Saturday, April 18, 2015

Professional Book Review: Read, Write, Teach by Linda Rief

Read, Write, Teach:  Choices and Challenges in the Reading-Writing Workshop by Linda Rief


Summary by Goodreads:


Veteran teacher and author Linda Rief has inspired thousands of practitioners across the nation to lead adolescent students on a journey to becoming lifelong readers and writers.
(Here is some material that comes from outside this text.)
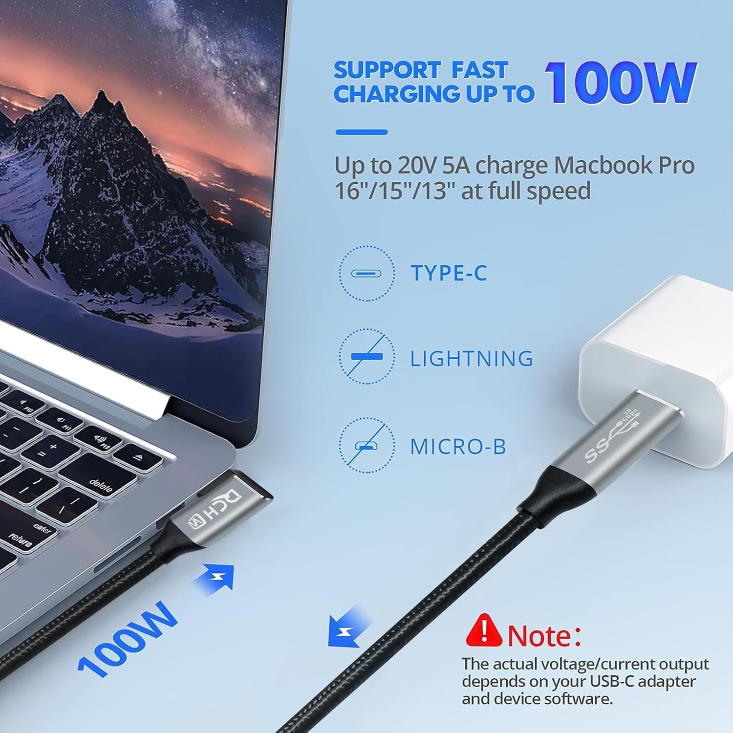 100W USB-C Charging Cable: Time Saver Well built with high quality E-marker smart chip, slim 5A USB C Charging Cable supports 100W PD quick charge (PD3.1, 20V 5A) to super fast fuel your Type-C port laptop or smartphone, also supports 65W, 60w, 50w, etc.

In "ReadWriteTeach," Linda offers the what, how, and why of a year's worth of reading and writing for middle and high school students with a framework that is as flexible as it is comprehensive.

". . . This book isn't a compilation of tear-out reproducibles designed to help us replicate Linda's practices,"" writes Maja Wilson in the foreword. ""Instead, it's the most powerful gift that a master teacher can give us: the story of her thinking and feeling as she teaches." "Linda's insights and beliefs are woven throughout a comprehensive overview of best literacy practices, which include: essentials in the reading-writing workshop grounding our choices in our beliefs getting to know ourselves and our students as readers and writers.
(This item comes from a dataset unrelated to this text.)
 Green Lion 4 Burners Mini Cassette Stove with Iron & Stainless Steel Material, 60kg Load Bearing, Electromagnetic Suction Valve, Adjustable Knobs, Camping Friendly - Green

Students' voices, through examples of their writing, drawing, and thinking, resonate throughout the book and characterize the thoughtful readers, writers, and citizens of the world that they become under Linda's guidance.

My Thoughts:

After reading the first 42 pages of this book, I posted my first thoughts on Goodreads:  
If you are a fan of Kelly Gallagher, Penny Kittle, and Donalyn Miller, you will find comfort in Linda Rief's words. I have already uncovered a few new ideas to share with our English teachers using a reader/writer workshop approach.
Normally I tend to have an urgency to complete a book quickly.  I want to read it and move on to the next one.  Because Rief's book is filled to the brim with real world ideas that I could see myself using in the classroom (or sharing with teachers), I wanted to slow down and read this bit by bit.  Instead of reviewing this resource as a whole, I want to share some of my favorite parts from a few chapters.
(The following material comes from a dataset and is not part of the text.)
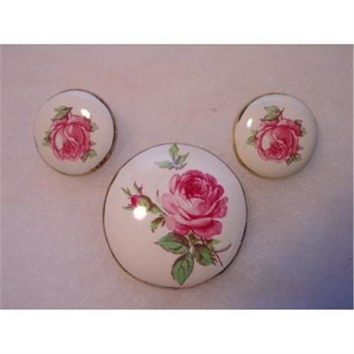 <tr><td>Title: Austria Transferware Demi-Parure Porcelain Brooch</td></tr>

Chapter One: Grounding Our Choices in Our Beliefs

Linda Rief is a firm believer in giving students choice in their reading and writing.  In order to make this manageable, she uses a Readers-Writers Workshop.

Writing Conference Questions (pg 19):


  • How did this writing come to be?
  • Where did you get the idea?
  • What did you do, and why, as you went from one draft to the next?
  • What problems did you encounter:
  • How well did you solve those problems?

Reading Response Questions (pg 21)
  • What did this reading bring to mind?
  • What did you think or feel or learn as you read?
  • What questions came to mind?
  • What in your own experience is similar or different?
  • How does this make you view the world?
  • What did you notice the author did as a writer?


Chapter Five: Immersion in Writing (and Reading)

In this chapter, Linda Rief shares some simple, short quickwrites to help her students brainstorm writing ideas.  A few of my favorites are:

A Positive-Negative Life Graph (pg 77-83)
http://www.docstoc.com/docs/107180098/Positive-Negative-Life-Graph

A Likes/Dislikes Chart (pg 83-85)
http://readwriteandreflect.blogspot.com/2014/08/purpose-and-authenticity.html

Reading/Writing Memories 

A perfect beginning of the school year set of questions to ask students (pg 84):
  • What kept you reading?
  • What stopped your reading?
  • What kept you writing?
  • What stopped your writing?


Chapter Six:  Immersion in Reading (and Writing)

Linda Rief believes in choice.  Her students have time to read in her classroom and their homework is to read thirty minutes a night (four days a week) outside of school. If you have read, Book Love, by Penny Kittle, she follows a very similar format of introducing new books to her students through book talks.  My two "take-aways" are:

End of the Year Book Recommendations (pg 108)

Students are asked to recommend a book to next year's class which includes the following:
  • a color copy of the book
  • a short summary of the book
  • a passage so we can hear the style of writing
  • their reasons for recommending the book

Letters About Literature (pg 116-118)

Did you know that the Library of Congress sponsors a contest asking students to write a letter to an author of a book, a play, a poem, or a speech, telling the author how the work changed their lives in some way?  Our freshman English team is in the process of revising our curriculum and assessments to incorporate more "real world" writing.  This contest would be a perfect assessment to teach argumentative writing and incorporate choice reading!

My hope by sharing a few of my favorite ideas from Read, Write, Teach is that you will go out and buy this book.  If you are a middle school or high school English teacher exploring or using Reading- Writing Workshop, you will want to have this resource at your fingertips.  Linda Rief's book is now shelved right next to books by my favorite authors:  Penny Kittle, Kelly Gallagher, Kylene Beers, and Donalyn Miller.  It is in a place where I can reach for it at a moment's notice when a teacher is searching for "brilliant ideas" to engage his/her students!